Kenaikan Pajak BBM Dinilai Tak Bisa Kerek Pendapatan Daerah
Kenaikan Pajak Bahan Bakar Kendaraan Bermotor (PBBKB) yang diterapkan Pemerintah Provinsi DKI Jakarta sebesar 5% dinilai tak mampu menaikkan pendapatan daerah. Kenaikan PBBKB yang berimbas pada kenaikan harga bahan bakar minyak (BBM) nonsubsidi akan memberatkan masyarakat.
Peneliti Alpha Research Database Ferdy Hasiman mengatakan, kenaikan harga BBM nonsubsidi merupakan imbas dari kebijakan pemerintah, alias bukan kewenangan perusahaan. Ia menilai, penaikan tarif PBBKB tidak tepat dijadikan strategi untuk meningkatkan pendapatan daerah.
“Kalau ingin meningkatkan pendapatan, jangan BBM yang jadi sasaran. Jadi enggak usah bikin kebijakan yang menyusahkan rakyat,” tutur Ferdy dalam keterangan tertulis, Senin (19/2). Ia menyebut kebijakan tersebut kontradiktif dengan upaya meningkatkan kesejahteraan masyarakat.
Jika disparitas harga BBM melebar, Ferdy khawatir akan terjadi perlambatan laju perekonomian akibat kenaikan PBBKB, serta peralihan penggunaan BBM nonsubsidi ke BBM subsidi. “Masyarakat sudah kesulitan cari duit, nanti perekonomiannya seperti apa? Seharusnya kebijakan publik itu harus berpihak ke rakyat,” kata dia.

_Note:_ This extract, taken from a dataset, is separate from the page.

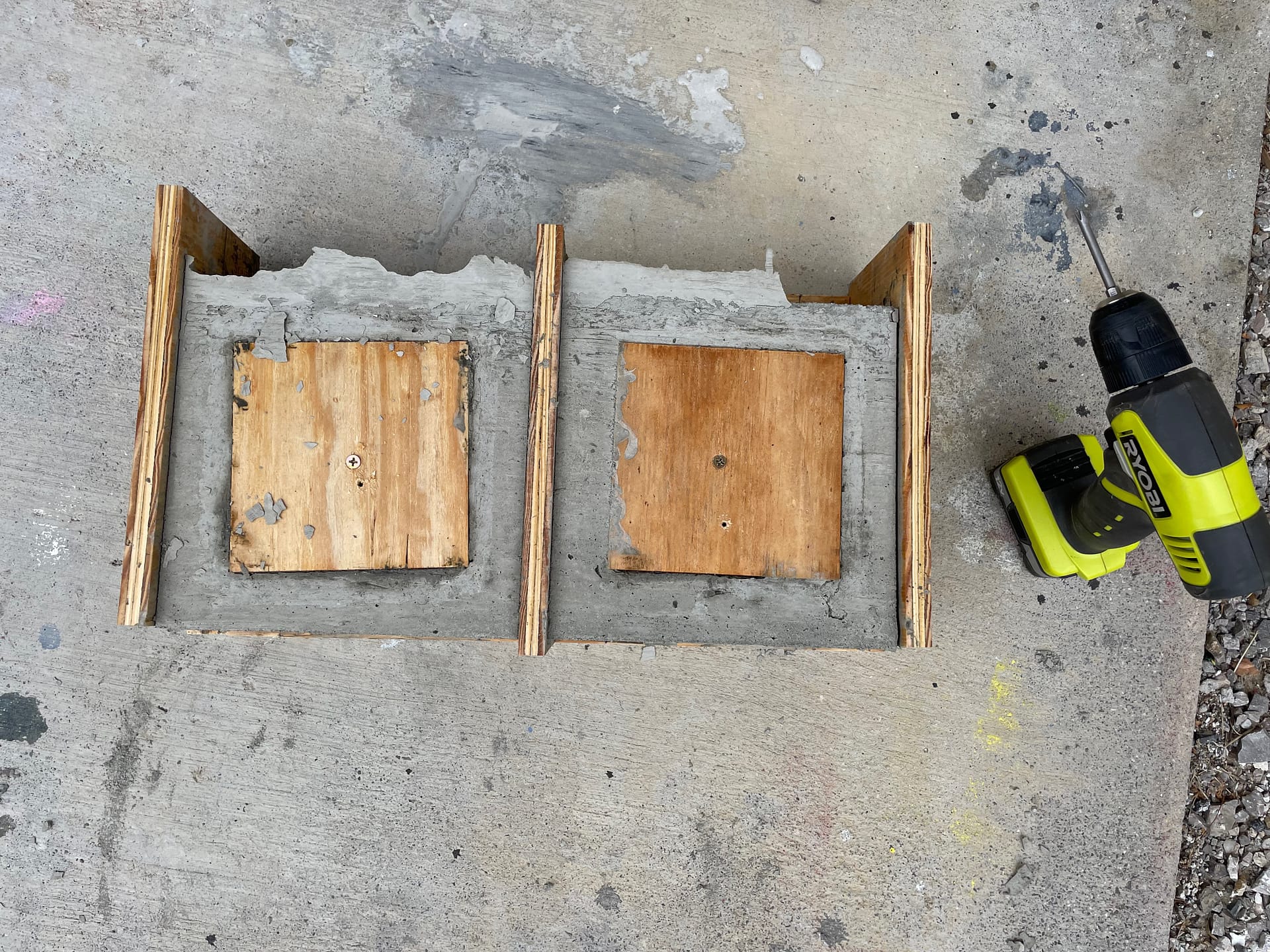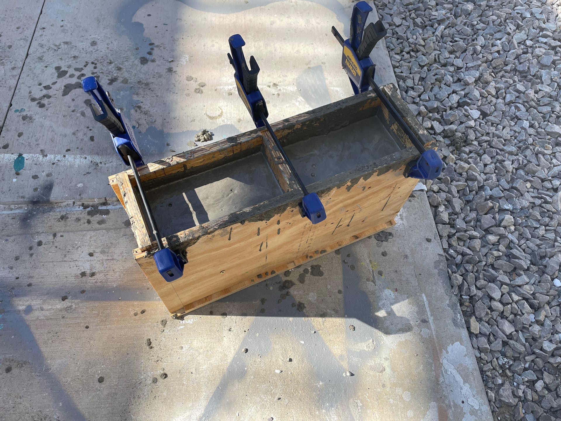 Pouring the concrete started off well. I had two blocks to pour and figured I would use half the bag and half the amount of water to start. However, as I was mixing it, I noticed I couldn’t get the bottom. It was almost like trying to mix water into flour. I was getting nervous that it was drying, so I poured into my mold only to have it get stuck and sit atop on my chicken wire reinforcement. I panicked and pulled it out and continued pouring the concrete. I didn’t know what would happen because with the reinforcement, concrete could easily crack when taking off the formwork. Also, concrete needs to be vibrated while it’s setting to get the air bubbles out. Air bubbles can weaken the concrete. I didn’t have a concrete vibrator, so I shook the mold for a bit. I had no idea what I was doing, or if it was doing anything.
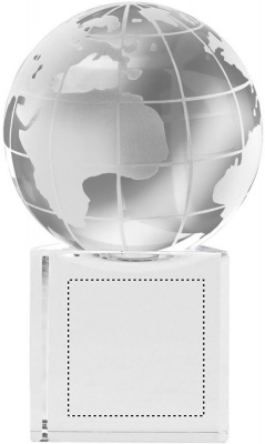 Kristalli paperipaino, maapallo designilla. Klassisessa lahjapakkauksessa.

Sementara itu, Direktur Jenderal Minyak dan Gas Bumi Kementerian Energi dan Sumber Daya Mineral Tutuka Ariadji meminta kenaikan tarif PBBKB ditunda. Ia menilai perubahan tarif PBBKB kurang disosialisasikan kepada masyarakat.
Belum lagi ada potensi masalah sosial yang dapat timbul dari perubahan tarif tersebut. “Jadi kami mengimbau itu betul-betul diperhatikan oleh pemda setempat,” ucap Tutuka.
Pihaknya pun telah mendiskusikan masalah ini dengan Kementerian Dalam Negeri dan Kementerian Keuangan. “Karena itu berhubungan dengan sektor kami, sektor migas dalam mendistribusikan BBM,” ujar dia.